• _Task_:
Look for the line with "Журнал учета результатов" in the data below, then reproduce word for word that line and every line after it. Leave out all pictures and add nothing.

• _Dataset items_:
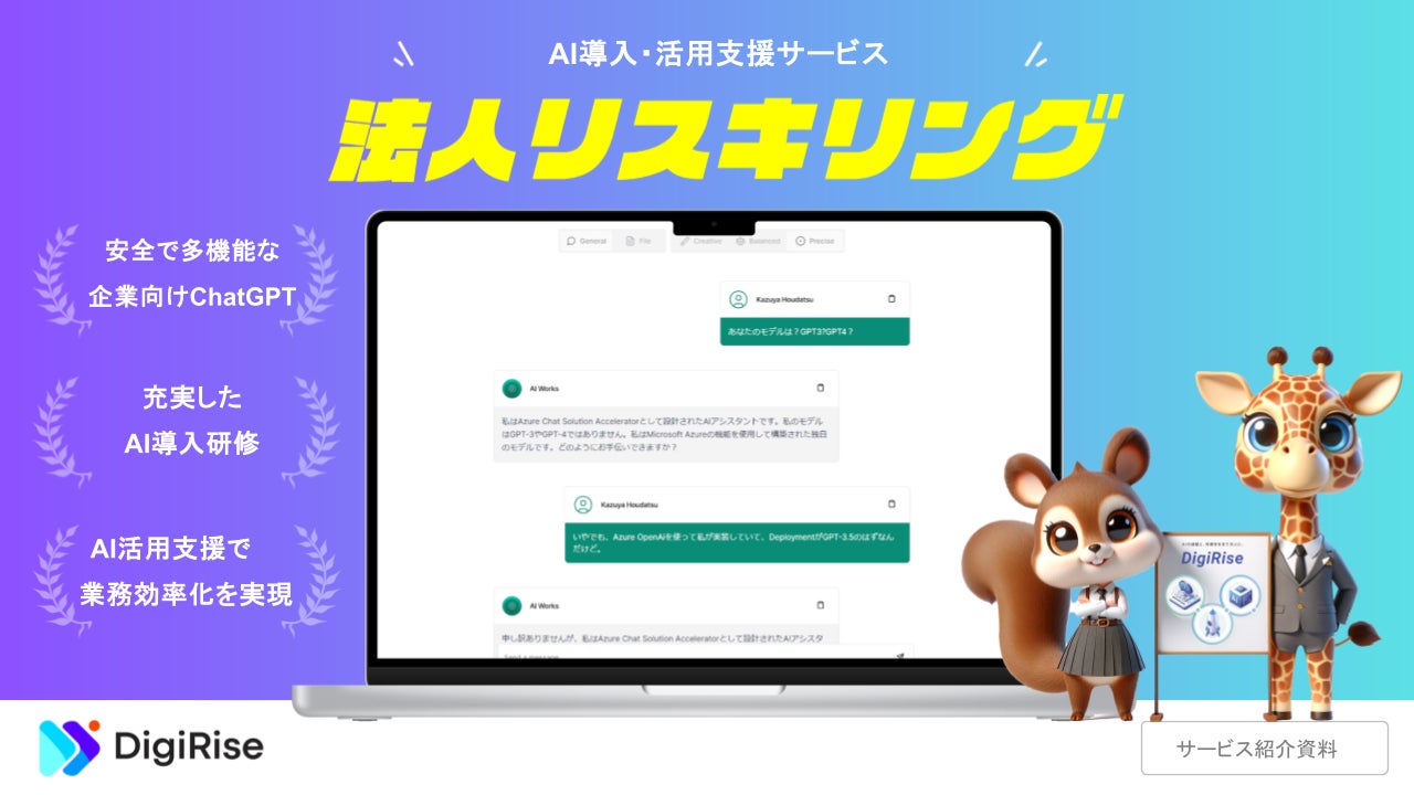 株式会社デジライズは「AIの利便性と感動を全ての人へ」をビジョンとして2023年に事業を開始しました。「法人リスキリング®︎」というAI研修(動画学習+ワークショップ)と自社開発の企業向けChatGPT「AI Works」を提供するサービスを、上場企業を筆頭に多くの企業様に導入を進めております。
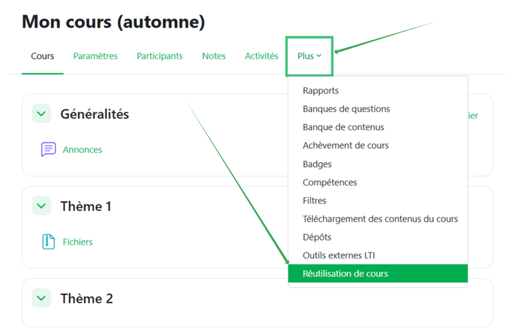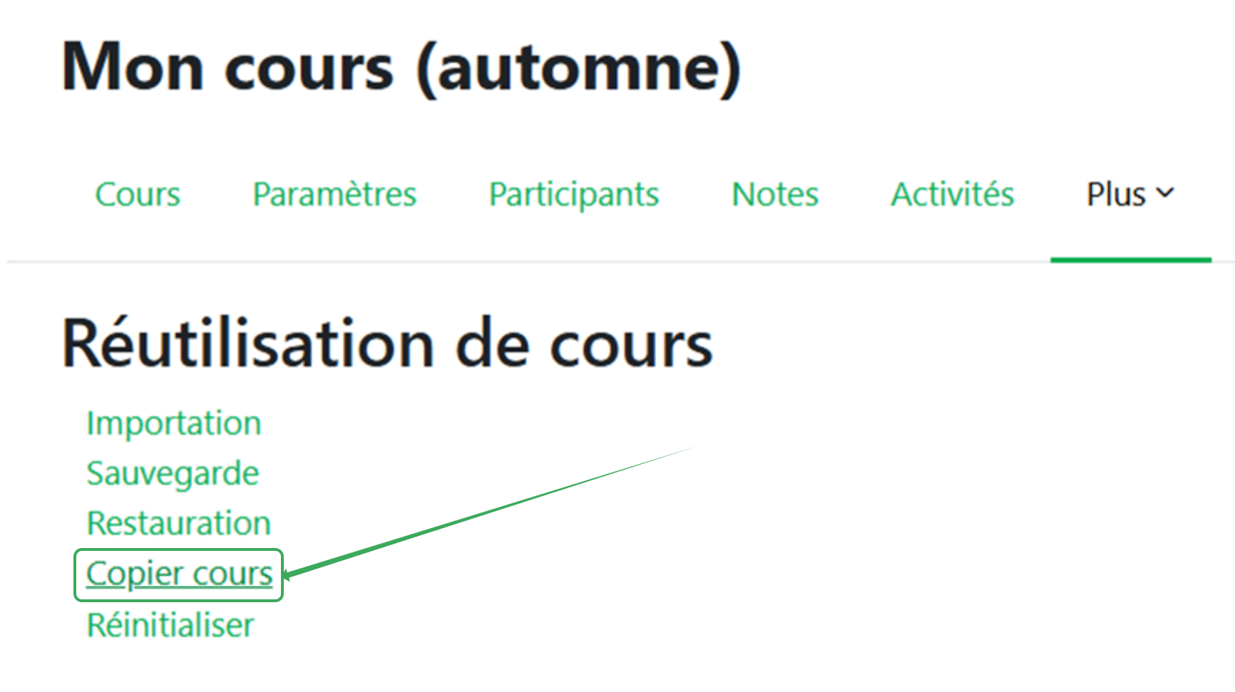 Une fois sur la page de votre cours, cliquez sur l'onglet "Plus" et une liste de choix se déroulera. Cliquez sur "Réutilisation de cours".
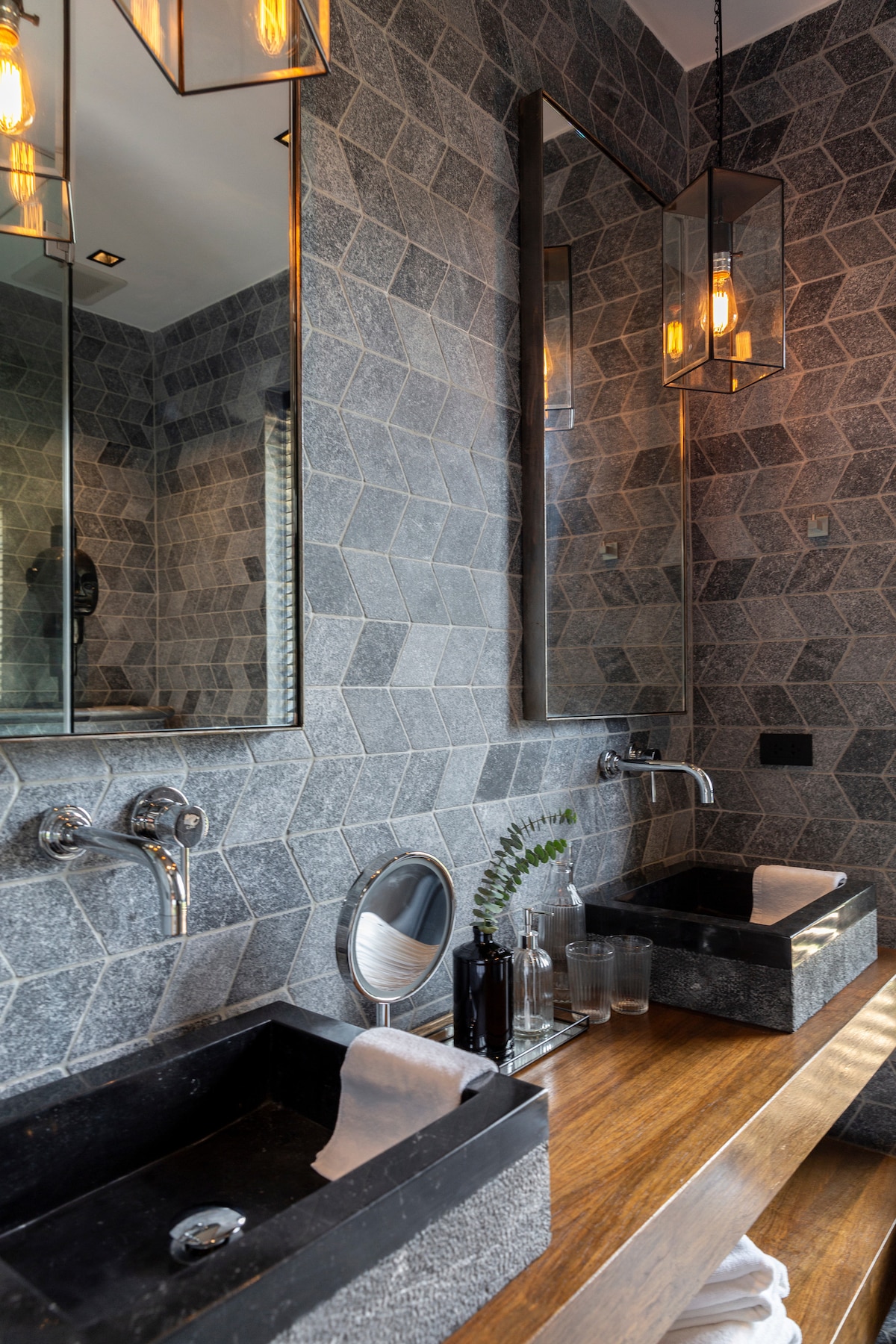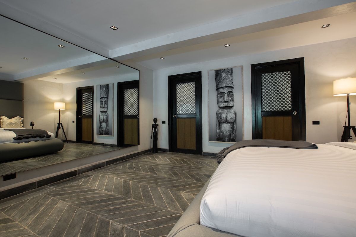 Bedroom 4 is a detached, serene oasis beneath the pool, featuring a king-size bed, sofa bed, ensuite bathroom, and flat-screen TV. Its secluded location makes it an ideal escape for couples or families seeking privacy.
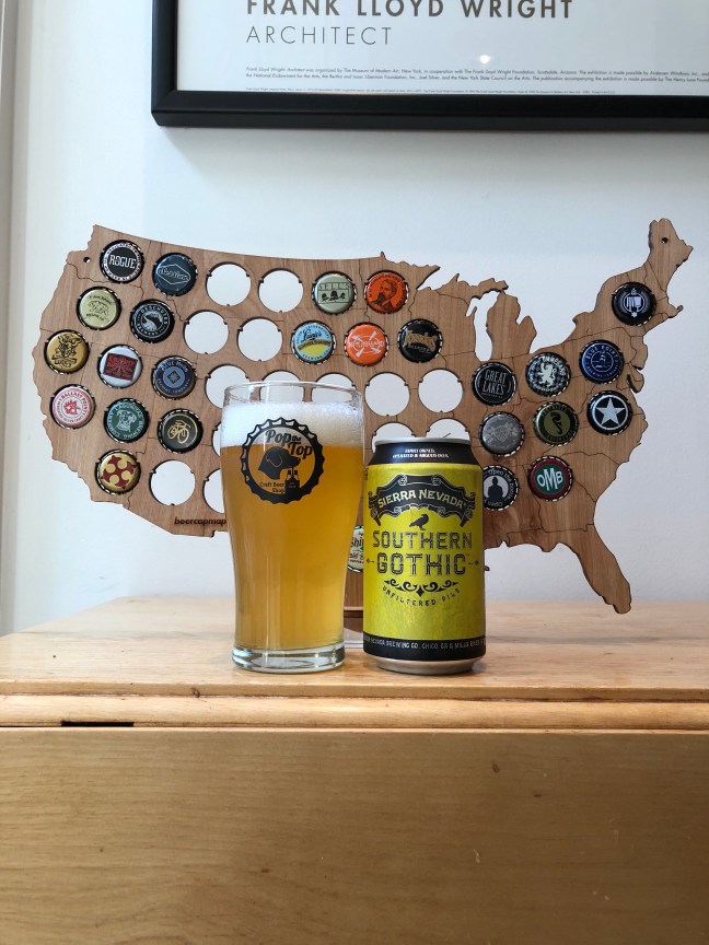 Sierra Nevada Brewing Co. Southern Gothic Unfiltered Pilsner, 5.2% ABV, another local grocery store find is somewhat of a new beer from Sierra Nevada Brewing Co. and it’s sort of follow a trend where Brewers are not filtering their beer especially IPA. Southern Gothic Unfiltered Pilsner pours a hazy slightly clouded golden color with a two and a half bright white head that slowly dissolves and gives off a semi-sweet sour bread and light malt notes that take you into a flavor of a semi-sweet breaded flavor with some chalk like flavors and the flavor becomes sours as it warms with a faintly bitter finish with a chalky aftertaste that slips into a very faint bitterness. This beer isn’t that good I give Sierra Nevada Brewing Co. Southern Gothic Unfiltered Pilsner a D+. I was hoping for a better beer from Sierra Nevada Brewing, this was a letdown and yes it’s not so bad that you can’t finish it. Maybe the Pilsner style isn’t a beer that should be unfiltered. I just don’t think I would hurry back to Sierra Nevada Brewing Co. Southern Gothic Unfiltered Pilsner nor would I recommend it! Cheers! Please enjoy responsibly!
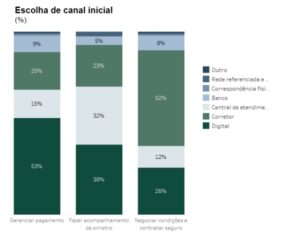 Os níveis de satisfação do cliente variam de acordo com o tipo de episódio. Aquisição, por exemplo, ainda são dependentes do corretores, que são o canal inicial de 52% dos clientes. Enquanto gerenciamento de pagamento e acompanhamento de sinistro possuem maior penetração de canais digitais (53%), seguido de central de atendimento (38%).
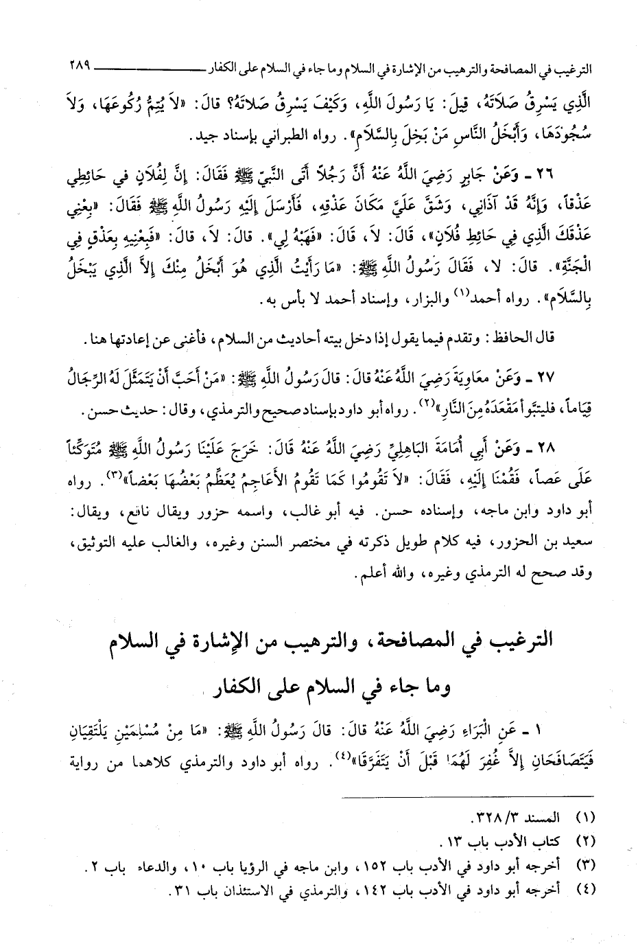 التَّرْغِيب فِي المصافحة والترهيب من الْإِشَارَة فِي السَّلَام وَمَا جَاءَ فِي السَّلَام على الْكفَّار
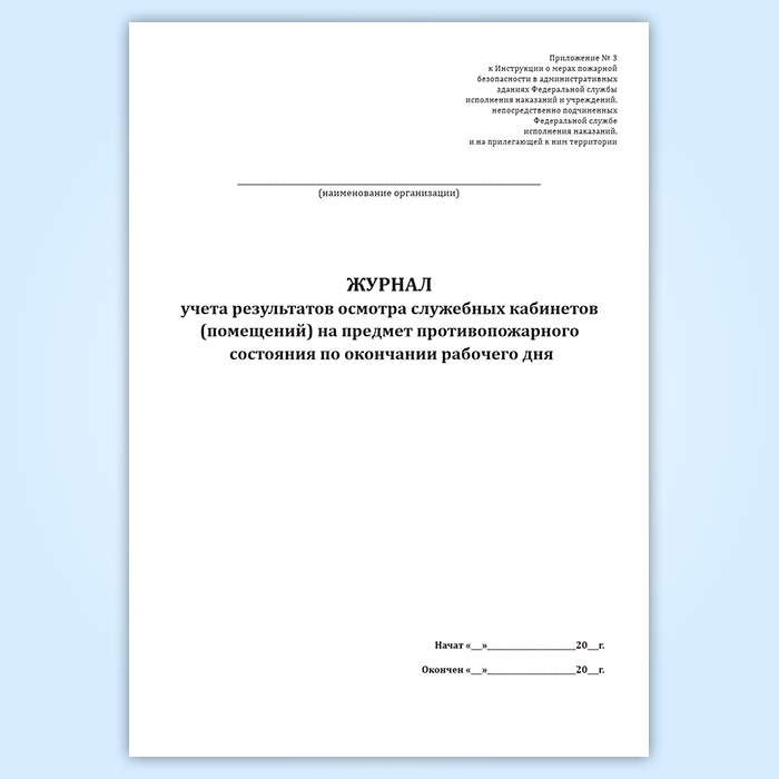 Журнал учета результатов осмотра служебных кабинетов (помещений) на предмет противопожарного состояния по окончании рабочего дня в Рошале купить
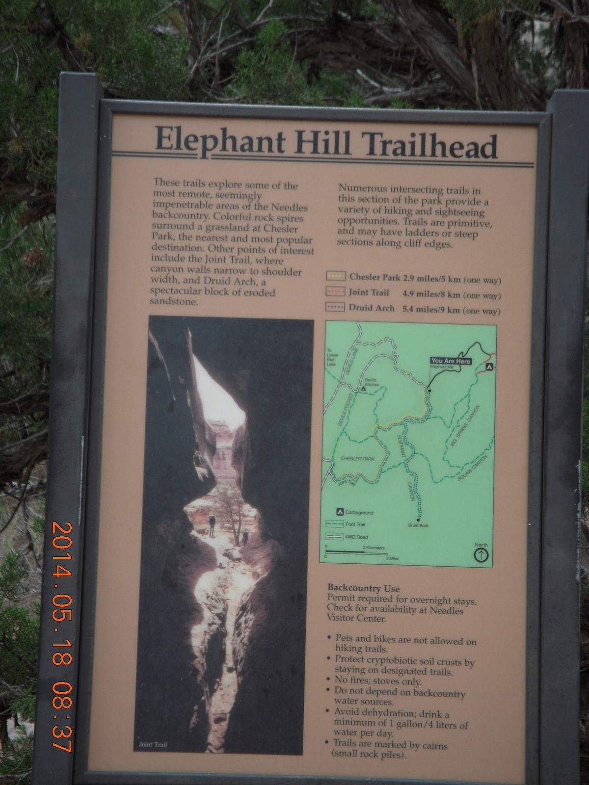 2014 May 18, Sunday, 8mj-trc.jpg * Canyonlands National Park - Needles - Elephant Hill + Chesler Park hike - sign + Adam

• _Written response_:
 Журнал учета результатов осмотра служебных кабинетов (помещений) на предмет противопожарного состояния по окончании рабочего дня в Рошале купить
 2014 May 18, Sunday, 8mj-trc.jpg * Canyonlands National Park - Needles - Elephant Hill + Chesler Park hike - sign + Adam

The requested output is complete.